-- What this task involves --
With both ends included, repeat exactly the lines of the entries below from the one containing "Готовые домашние задания" down to the one containing "Cute Beagle Dog", and no others.

[[ Records shown, beginning ]]

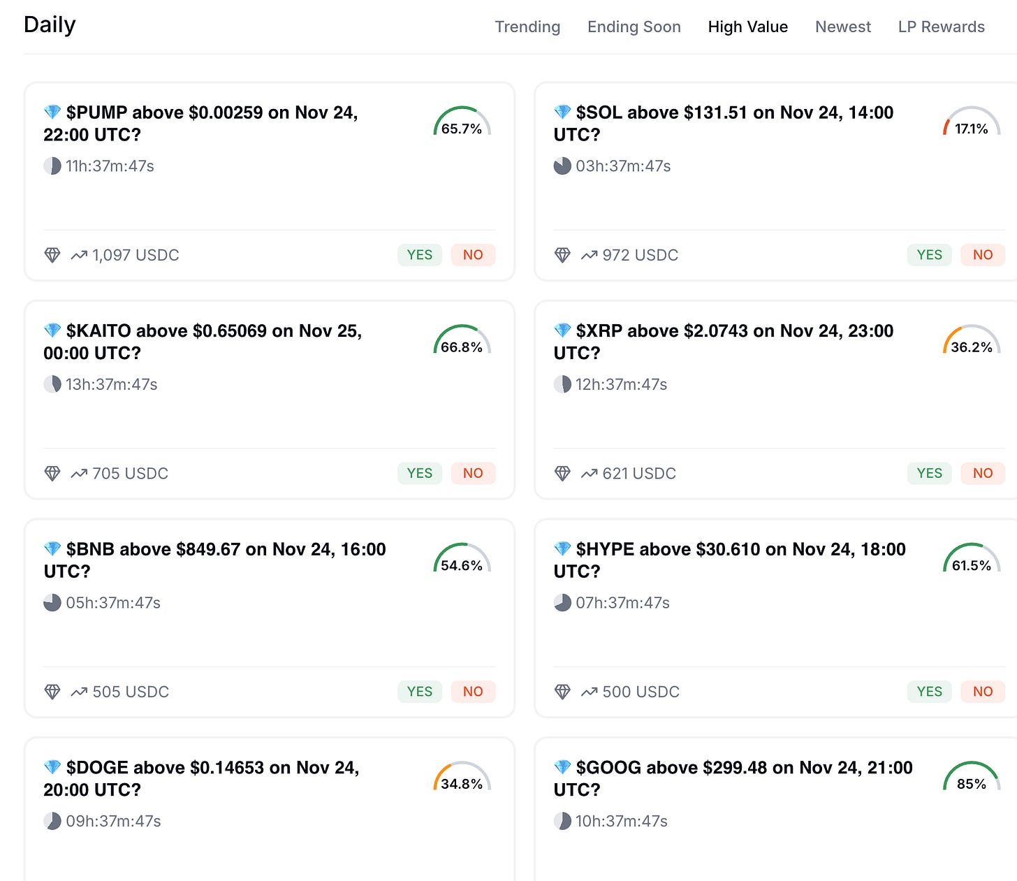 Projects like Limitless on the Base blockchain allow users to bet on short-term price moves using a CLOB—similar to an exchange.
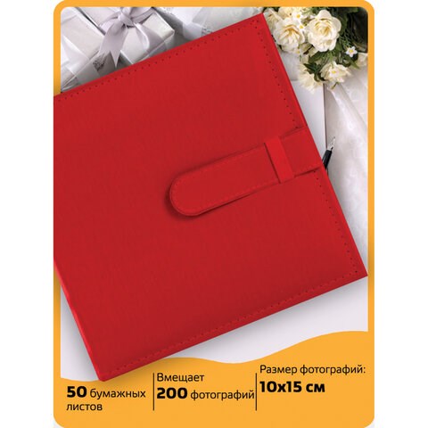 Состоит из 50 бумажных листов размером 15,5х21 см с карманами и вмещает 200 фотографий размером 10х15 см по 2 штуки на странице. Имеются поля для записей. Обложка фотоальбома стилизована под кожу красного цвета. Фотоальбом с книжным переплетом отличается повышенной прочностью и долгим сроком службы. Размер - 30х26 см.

[[ Records shown, end ]]
[[ Records shown, beginning ]]

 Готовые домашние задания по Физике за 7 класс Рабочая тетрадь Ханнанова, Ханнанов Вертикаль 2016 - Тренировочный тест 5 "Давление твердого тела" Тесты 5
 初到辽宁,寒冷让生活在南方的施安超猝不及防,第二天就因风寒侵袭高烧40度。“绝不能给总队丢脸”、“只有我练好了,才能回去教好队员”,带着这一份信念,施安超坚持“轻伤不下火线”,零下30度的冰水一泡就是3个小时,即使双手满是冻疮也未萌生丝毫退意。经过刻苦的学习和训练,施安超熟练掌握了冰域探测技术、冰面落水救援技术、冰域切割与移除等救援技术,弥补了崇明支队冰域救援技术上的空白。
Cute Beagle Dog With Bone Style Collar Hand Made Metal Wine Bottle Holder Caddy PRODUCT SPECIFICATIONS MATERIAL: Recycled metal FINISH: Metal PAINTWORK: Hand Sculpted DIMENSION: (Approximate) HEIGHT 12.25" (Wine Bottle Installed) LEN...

[[ Records shown, end ]]

-- Result of the task --
 Готовые домашние задания по Физике за 7 класс Рабочая тетрадь Ханнанова, Ханнанов Вертикаль 2016 - Тренировочный тест 5 "Давление твердого тела" Тесты 5
 初到辽宁,寒冷让生活在南方的施安超猝不及防,第二天就因风寒侵袭高烧40度。“绝不能给总队丢脸”、“只有我练好了,才能回去教好队员”,带着这一份信念,施安超坚持“轻伤不下火线”,零下30度的冰水一泡就是3个小时,即使双手满是冻疮也未萌生丝毫退意。经过刻苦的学习和训练,施安超熟练掌握了冰域探测技术、冰面落水救援技术、冰域切割与移除等救援技术,弥补了崇明支队冰域救援技术上的空白。
Cute Beagle Dog With Bone Style Collar Hand Made Metal Wine Bottle Holder Caddy PRODUCT SPECIFICATIONS MATERIAL: Recycled metal FINISH: Metal PAINTWORK: Hand Sculpted DIMENSION: (Approximate) HEIGHT 12.25" (Wine Bottle Installed) LEN...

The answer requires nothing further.